= Baron Ferrers of Groby =

Title in the English nobility

Arms of Ferrers, Baron Ferrers of Groby: Gules, seven mascles or conjoined 3:3:1. These are the arms of de Quincy, adopted in lieu of his paternal arms (Vairy or and gules) by
William Ferrers, 1st Baron Ferrers of Groby (1272–1325). He was the son and heir of Sir William de Ferrers (1240–1287) of Groby, the younger son of William de Ferrers, 5th Earl of Derby (by his second wife Margaret de Quincy, daughter and heiress of Roger de Quincy, 2nd Earl of Winchester (c.1195-1264)) who founded the line of Baron Ferrers of Groby, having been given Groby Castle by his mother Margaret de Quincy

Arms of Grey, Baron Ferrers of Groby: Barry of six argent and azure, in chief three torteaux

Baron Ferrers of Groby (or Baron Ferrers de Groby) was a title in the Peerage of England. It was created by writ on 29 December 1299 when William Ferrers, 1st Baron Ferrers of Groby was summoned to parliament. He was the son of Sir William de Ferrers, Knt., of Groby, Leicestershire, (d.1287) by his first wife Anne Durward, 2nd daughter of Alan Durward and his wife Margery of Scotland, and grandson of William de Ferrers, 5th Earl of Derby. The first Baron was married to Ellen de Menteith, daughter of Alexander, Earl of Menteith. In 1475 the eighth baron was created the Marquess of Dorset, and the barony in effect merged with the marquessate. It was forfeited along with the marquessate when the third marquess was attainted in 1554.

==Barons Ferrers of Groby (1300)==
- William Ferrers, 1st Baron Ferrers of Groby (1272–1325)
- Henry Ferrers, 2nd Baron Ferrers of Groby (1303–1343)
- William Ferrers, 3rd Baron Ferrers of Groby (1333–1372)
- Henry Ferrers, 4th Baron Ferrers of Groby (1356–1388)
- William Ferrers, 5th Baron Ferrers of Groby (1373–1445)
- Elizabeth Ferrers, 6th Baroness Ferrers of Groby (1419–1483)
  - Edward Grey, 6th Baron Ferrers of Groby (c. 1415–1457) was summoned to parliament in right of his wife from 14 December 1446 to 26 May 1455 (women were not permitted to attend in their own right)
  - John Bourchier, 6th Baron Ferrers of Groby (died 1495), second husband of the 6th Baroness, also held the title in right of his wife from 1462 to her death in 1483
- Thomas Grey, 7th Baron Ferrers of Groby (1451–1501) (created Marquess of Dorset, 1475), was the son of Sir John Grey of Groby, who was the son of the 6th Baroness and her first husband
- Thomas Grey, 8th Baron Ferrers of Groby, 2nd Marquess of Dorset (1472–1530) was summoned to parliament as Baron Ferrers of Groby in 1509
- Henry Grey, 9th Baron Ferrers of Groby, 1st Duke of Suffolk (1517–1554)
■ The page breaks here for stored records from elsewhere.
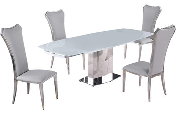 - Detail Description: Dining Set w/ Extendable White Glass Table & Tall Back Side Chairs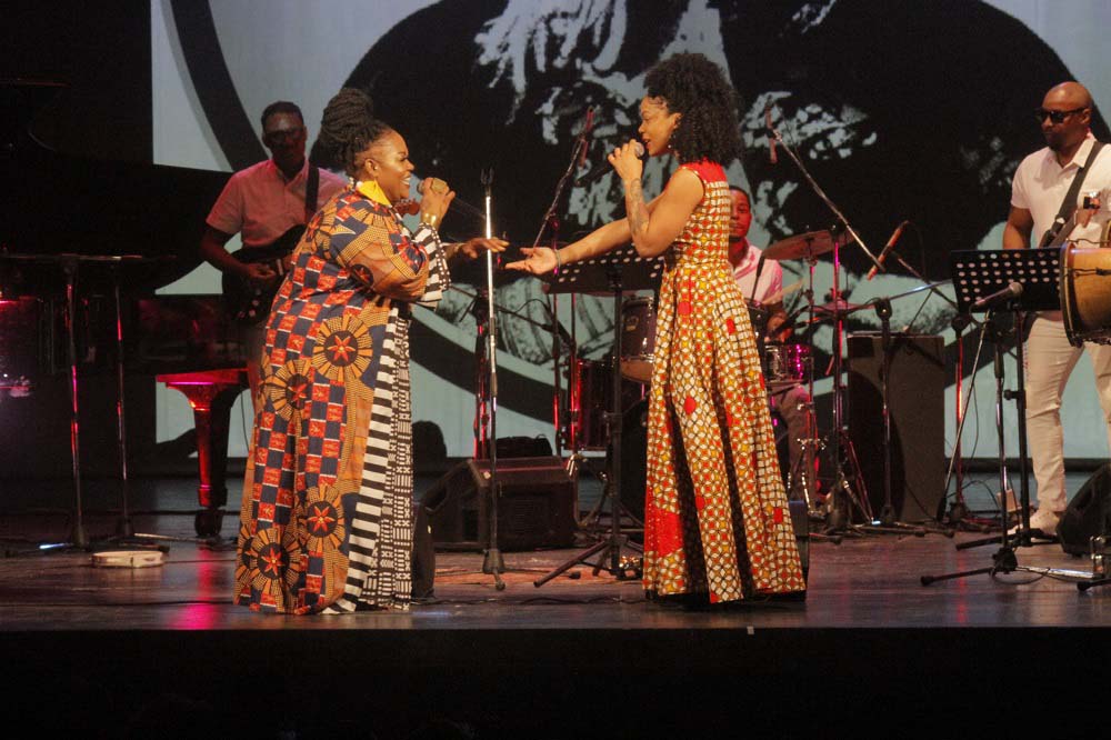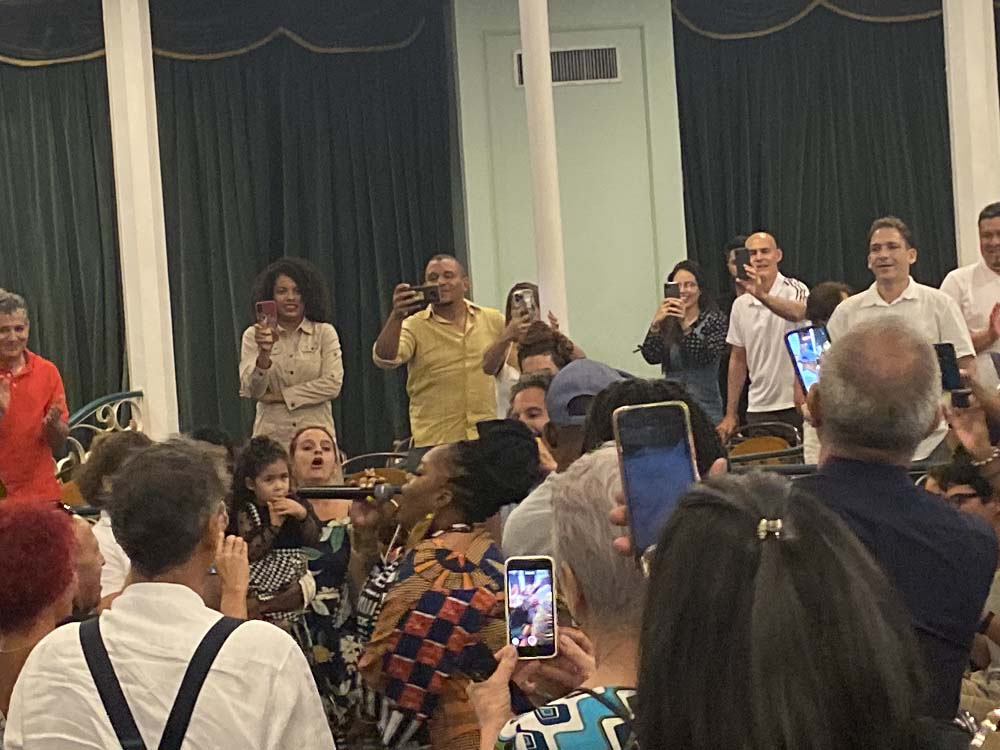 “Music all over the world” fue el tema al que se sumaron los tambores batá. La cantante y percusionista Brenda Navarrete compartió escena con ella, y ante todos mostraron su cariño y empatía. Juntas derrocharon apego a la música afro, a los cantos de corazón, a las deidades, a las sonoridades legendarias de un continente que tanto ha sufrido y que tanto le ha dado al mundo. Volvieron a reunirse al final, cuando de manera improvisada se retaron una a la otra cantando “Kimbala” y evitando que la lengua se enredara.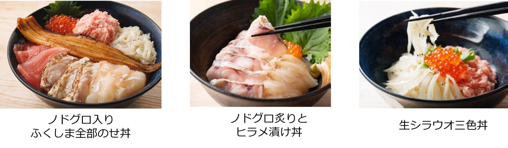「かに船ふくしま海鮮丼」ブースの目玉メニューが、「常磐もの」と呼ばれる福島の魚介を贅沢に盛った「ノドグロ入りふくしま全部のせ丼」。白身のトロと呼ばれるノドグロの炙り、「常磐もの」の代表格のヒラメの漬け、この時期にしか味わえない生シラウオ、脂ののったアナゴ、小名浜海星高校の生徒が練習船「福島丸」で漁獲したマグロの切り落としとネギトロに、イクラも添えて、7種をてんこ盛りに。お好みの魚介を味わえる「ノドグロ炙りとヒラメ漬け丼」「生シラウオ三色丼」もご用意。「常磐もの」を食べ尽くそう!※イクラは福島県産以外の食材を使用しています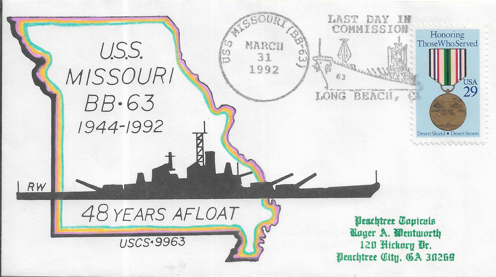 1992 USS Missouri BB-63, 48 Years Afloat to Peachtree, Ga Hand Colored. Added Sunday, October 12, 2025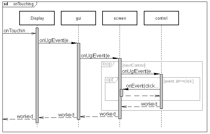 ====== Einfache Steuerelemente mit der µGL ====== Grafische Benutzeroberflächen dienen fast immer der Interaktion mit dem Benutzer. Daraus folgt, dass dieser nicht nur Informationen vom System angezeigt bekommt sondern auch Eingaben tätigt. Das Paket //[[http://www.myugl.de/_referenz/v005/UglControls.htm|UglControl]]// stellt neben dem statischen Text unter anderem folgende Steuerelemente zur Verfügung: * Button * Checkbox * Textfeld * ProgressBar ====== Die Aufgabe ====== Es ist eine Beispielanwendung zu entwickeln, in der die Steuerelemente //Schaltfläche//, //Textfeld//, //Auswahlfeld// und //Fortschrittsbalken// verwendet werden. ====== Vorbereitung ====== Falls Sie nicht in der Vorgehensmodell-Ebene sind, navigieren Sie diese bitte an (nach oben). Wenn das Projekt nicht mehr geöffnet ist, öffnen sie das SiSy UML-Projekt wieder. Legen Sie ein neues Klassendiagramm an und wählen Sie die Sprache //ARM C++//. Öffnen Sie das Klassendiagramm. Suchen Sie im Libstore mit dem Suchbegriff //"GUI"// nach dem Grundgerüst für eine µGL GUI Anwendung. Beachten Sie die Zielhardware, z.B. STM32F407 oder STM32F429. >>><flashplayer width="600" height="475" position="0">file=http://youtu.be/90PBa7zNTSo</flashplayer> Die geladene Vorlage sollte der folgenden Darstellung entsprechen: >{{::uglgui_gg.png?direct&800|}} Öffnen Sie das Paket //MeineBildschirme// in einem neuen Fenster, indem Sie das Paket selektieren und im rechte Maustasten-Menü //"im neuen Fenster öffnen"// wählen. Löschen Sie die Attribute und den Inhalt der Operationen aus der Klasse //StartForm//. >>>{{::inneuemfenster.png?direct&300|}} {{::emptystartform.png?direct&300|}} ====== Grundlagen zu aktiven Steuerelementen ======= Die Steuerelemente reagieren aus Anwendersicht auf Berührungen. Tatsächlich ist es ein durchsichtiges Touch-Panel, welches über dem Display angeordnet ist und die Berührungen erfasst. Über das Template //UglTouch// wurde der Displayklasse die Funktionalität des Touch-Panel zugewiesen und an das µGL Ereignissystem angebunden. Der Signalverlauf innerhalb der µGL Komponenten wird durch das folgende Sequenzdiagramm vereinfacht abgebildet. >>{{::seqclickevent.png?direct&700|}} Jedem aktiven Steuerelement kann eine Ereignisnummer, das //clickEvent//, zugewiesen werden. Diese identifiziert beim Verarbeiten der Ereignisse, welches Steuerelement vom Anwender betätigt wurde. ====== Entwurf der Anwendung einfacher Steuerelemente ====== Die folgende Darstellung zeigt die geplante Anwendung mit zwei Schaltflächen, einem Fortschrittsbalken und Auswahlfeldern. >>>{{::entwurfeinfachesteuerelemente.jpg?direct&500|}} ====== Realisierung der Anwendung einfacher Steuerelemente ====== Um die Übersicht zu behalten, implementieren wir die Beispielanwendung in zwei Schritten. * [[Realisierung einfache Steuerelemente, Itteration 1]] * [[Realisierung einfache Steuerelemente, Itteration 2]] ====== Videozusammenfassung ====== >>><flashplayer width="600" height="475" position="0">file=http://youtu.be/m3mvnZDmdHY</flashplayer> >>>[[http://youtu.be/m3mvnZDmdHY|besser auf youTube]] ====== Nächstes Thema ====== * [[neue_bildschirme_mit_der_ugl_erstellen|einen neuen Bildschirm mit der µGL anlegen]] * [[start|zurück zur Übersicht]]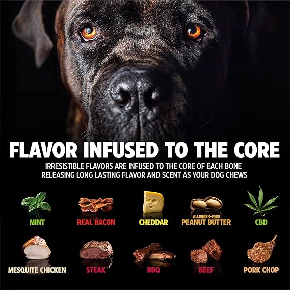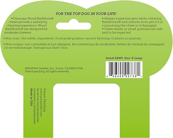 Pet Qwerks dinosaur BarkBone with real bacon dog chew bone is designed for aggressive chewer dogs. Dinosaur bacon BarkBone is a dog chew toy that's proudly made in USA.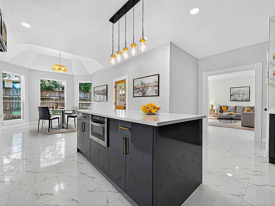 Cozy fireplaceModern dry barDesigner finishesRemodeled bathsCommercial style rangeGrand entryBeverage fridge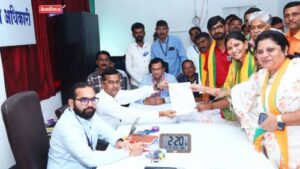 चाळीसगाव (प्रतिनिधी ) – भारतीय जनता पक्षाने (भाजप) चाळीसगाव नगराध्यक्ष पदासाठी प्रतिभा मंगेश चव्हाण यांच्या उमेदवारीची अधिकृत घोषणा केल्यानंतर आज सोमवार दि. १७ रोजी भाजपच्या वतीने शहरात जोरदार ‘शक्तिप्रदर्शन’ करण्यात आले. नगराध्यक्ष पदासाठी सौ. प्रतिभा चव्हाण आणि नगरसेवक पदासाठी उर्वरित ३६ उमेदवारांनी आपला अर्ज दाखल केला.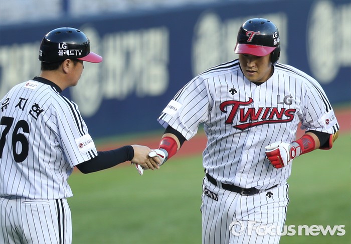 (서울=포커스뉴스) 5일 서울 잠실구장에서 열린 2016 프로야구 kt-LG 경기 3회말 LG 선두타자 유강남이 좌월 솔로 홈런을 치고 3루를 돌며 유지현 코치와 악수하고 있다.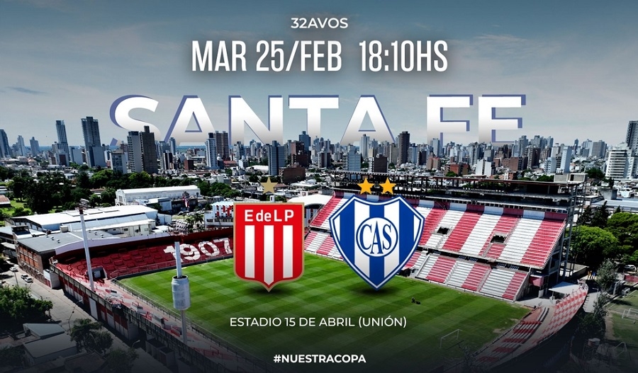 El estadio 15 de Abril (Unión de Santa Fe) albergará el cruce inédito entre Estudiantes de La Plata, ganador del trofeo en la undécima edición de la Copa Argentina, y Sarmiento de La Banda, representante del Torneo Federal que estrenará su nombre en las instancias decisivas. El ganador jugará contra Aldosivi o Gimnasia y Tiro de Salta.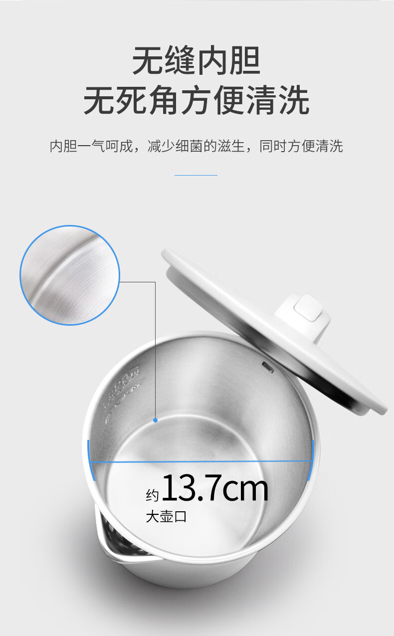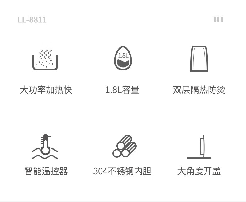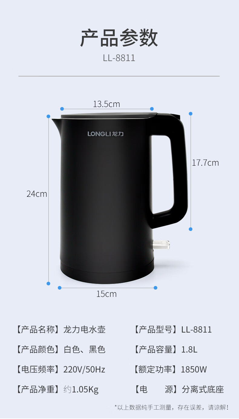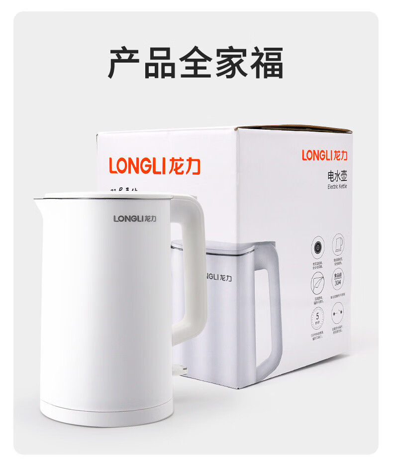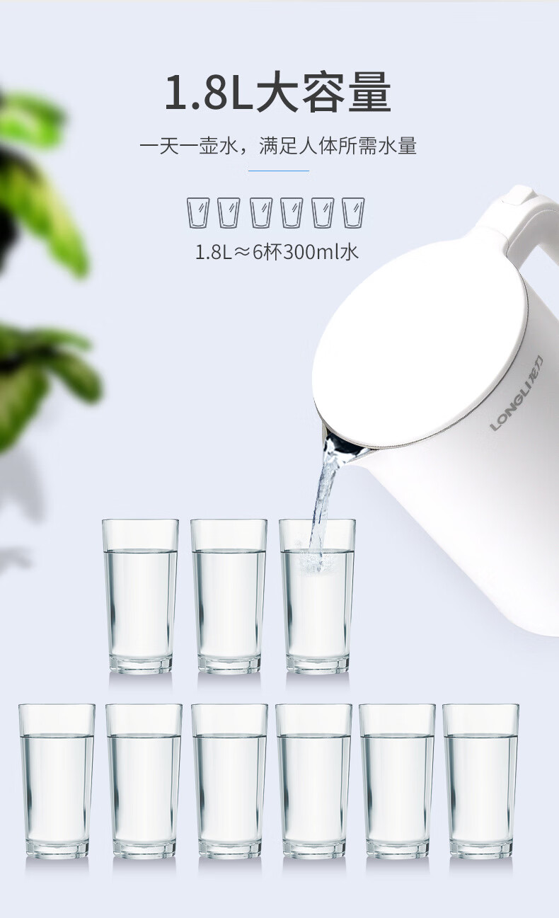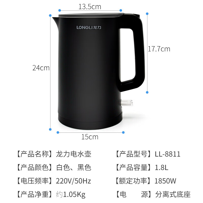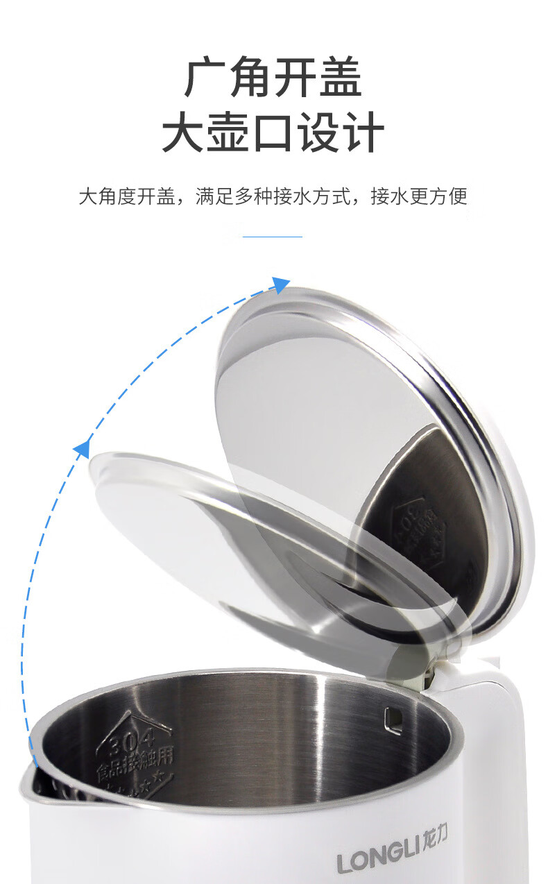 龙力LL-8811电热水壶304不锈钢烧水壶家用酒店宾馆办公室1.8L水壶 白色 自营

The barony was forfeit in 1554, when the Duke of Suffolk was tried for high treason and executed.

==Barons Grey of Groby==
- Henry Grey (c. 1547–1614), nephew of Henry Grey Duke of Suffolk, was created Baron Grey of Groby, 21 July 1603.
- Henry Grey, 2nd Baron Grey of Groby (c. 1600–1673) (created Earl of Stamford in 1628)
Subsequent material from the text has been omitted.